John-Great to hear you're alive.Photos are cool-More needed of you looking pink.Not sure on the green van/skip lorry thing-comfy?Found some odd things in your room which I've posted to your sister.Funny how there’re no wine bottles to recycle now you've gone.Monty ;)

Anonymous said...

Glad to see they've gone for camouflaged transport for your trip.
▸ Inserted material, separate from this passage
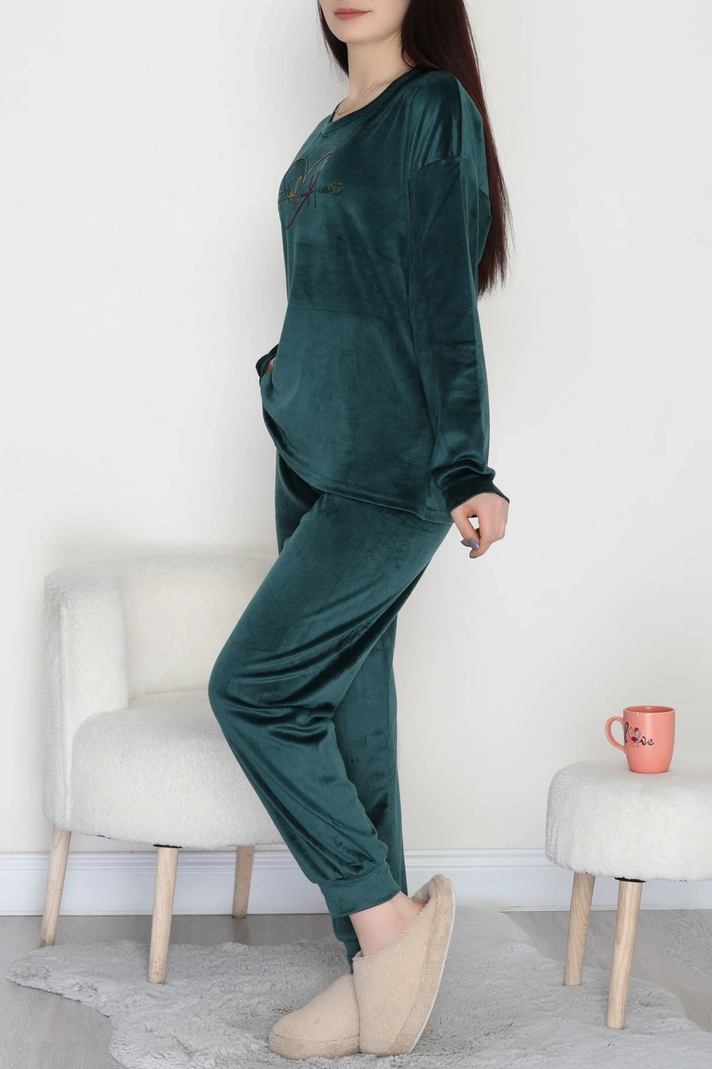 Likralı Fransız Kadife Pijama Takımı Zümrüt - 42068.1049.

Just as well you're away for a canny stint as your Leo Sayer and Gilbert O'Sullivan hating sister would be more than happy to do you serious damage. She'd probably feed you chopped up Kate Bush albums as she hates her as well. Could be something to do with the high pitched wailing. Tho there must be a lot of that in Morocco

You didn't mention if they allowed you on the bus with 6 months worth of bog roll either. Is there a portaloo on board or just a shovell

Anonymous said...

Pity you can't break off and shoot over to Oz. They are looking for a big sod to hold a bat in front of 3 wooden sticks with a bit of wood across top to stop them getting knacked - and stand a chance of winning a box of burnt wood embers.

Eileen Clare said...

Hi John

Trip looks fantastic so far. Everyone sends their love. Think Kieran must have some of your genes as he eats all day, now 3ft3 and is mad as a fish

xx

Anonymous said...

Good to see that everyone on the trip is as mad and as entertaining as J.R!
Excellent blogg, lovely to see some photographic evidence of my little brothers continuing existence, thank-you.

Good luck from J.R's fan club in deepest, darkest Orkney.